• **THE DATA**:
+ + + +
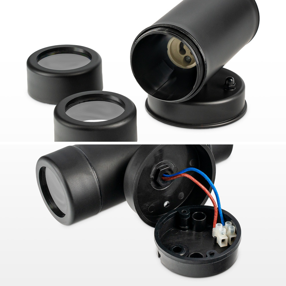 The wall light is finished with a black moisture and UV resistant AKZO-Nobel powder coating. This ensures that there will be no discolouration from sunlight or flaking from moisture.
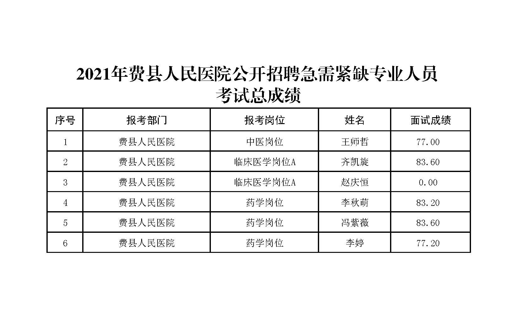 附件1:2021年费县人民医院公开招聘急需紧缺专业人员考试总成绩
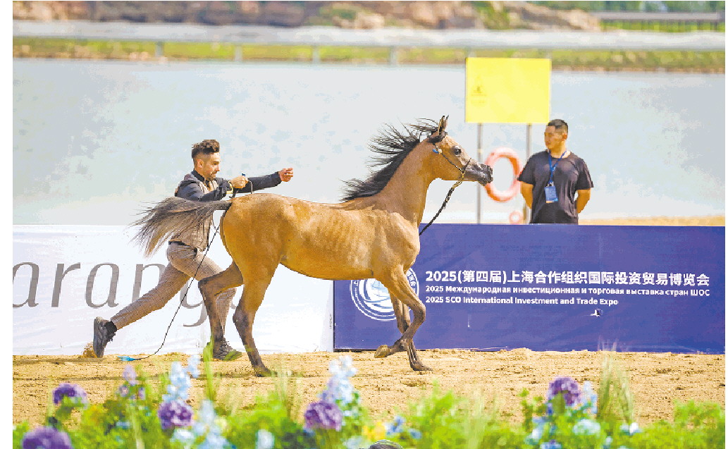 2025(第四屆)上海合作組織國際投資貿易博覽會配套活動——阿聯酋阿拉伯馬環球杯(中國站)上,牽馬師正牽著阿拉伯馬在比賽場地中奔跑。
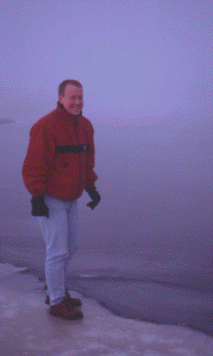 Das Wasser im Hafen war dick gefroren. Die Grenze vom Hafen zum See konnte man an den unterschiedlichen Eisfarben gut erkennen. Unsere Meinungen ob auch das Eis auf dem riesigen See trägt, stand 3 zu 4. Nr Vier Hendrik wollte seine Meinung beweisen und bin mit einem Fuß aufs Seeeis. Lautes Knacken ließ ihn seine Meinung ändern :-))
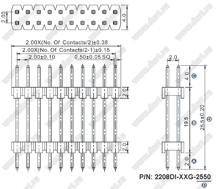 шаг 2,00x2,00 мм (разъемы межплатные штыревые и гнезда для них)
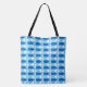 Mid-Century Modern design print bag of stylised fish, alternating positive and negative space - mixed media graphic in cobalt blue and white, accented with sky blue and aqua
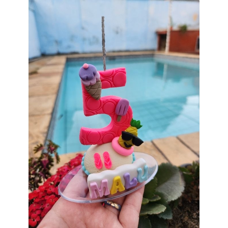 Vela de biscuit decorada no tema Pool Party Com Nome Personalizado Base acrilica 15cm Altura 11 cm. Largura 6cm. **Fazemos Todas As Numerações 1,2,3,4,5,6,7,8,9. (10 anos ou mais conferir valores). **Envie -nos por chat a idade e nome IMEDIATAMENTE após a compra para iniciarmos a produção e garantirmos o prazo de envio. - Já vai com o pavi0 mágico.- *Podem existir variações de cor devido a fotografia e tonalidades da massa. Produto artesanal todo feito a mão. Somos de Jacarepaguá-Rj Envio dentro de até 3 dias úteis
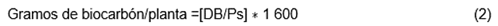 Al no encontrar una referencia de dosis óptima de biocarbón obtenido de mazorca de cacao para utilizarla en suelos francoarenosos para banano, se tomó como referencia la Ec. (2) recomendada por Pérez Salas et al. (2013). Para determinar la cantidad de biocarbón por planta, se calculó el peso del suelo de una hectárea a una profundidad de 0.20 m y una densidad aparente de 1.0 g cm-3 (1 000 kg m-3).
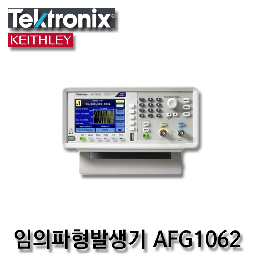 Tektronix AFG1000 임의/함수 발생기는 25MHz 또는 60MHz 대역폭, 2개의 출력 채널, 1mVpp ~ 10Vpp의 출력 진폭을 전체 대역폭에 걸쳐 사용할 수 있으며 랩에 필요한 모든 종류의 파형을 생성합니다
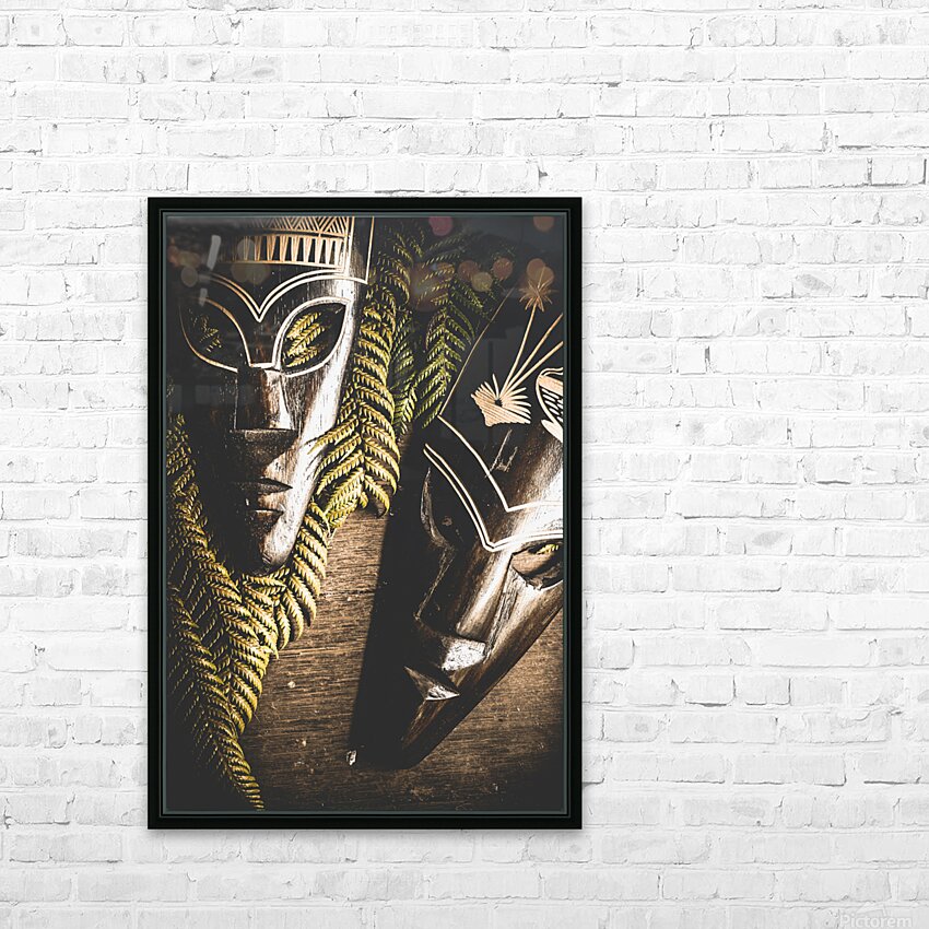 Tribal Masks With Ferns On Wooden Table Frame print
+ + + +
• **WHAT THE TASK ASKS**:
Leaving pictures out, output the lines of the data above from the one with "шаг 2,00x2,00 мм" through the one with "Mid-Century Modern design", word for word.

• **OUTPUT OF THE TASK**:
 шаг 2,00x2,00 мм (разъемы межплатные штыревые и гнезда для них)
 Mid-Century Modern design print bag of stylised fish, alternating positive and negative space - mixed media graphic in cobalt blue and white, accented with sky blue and aqua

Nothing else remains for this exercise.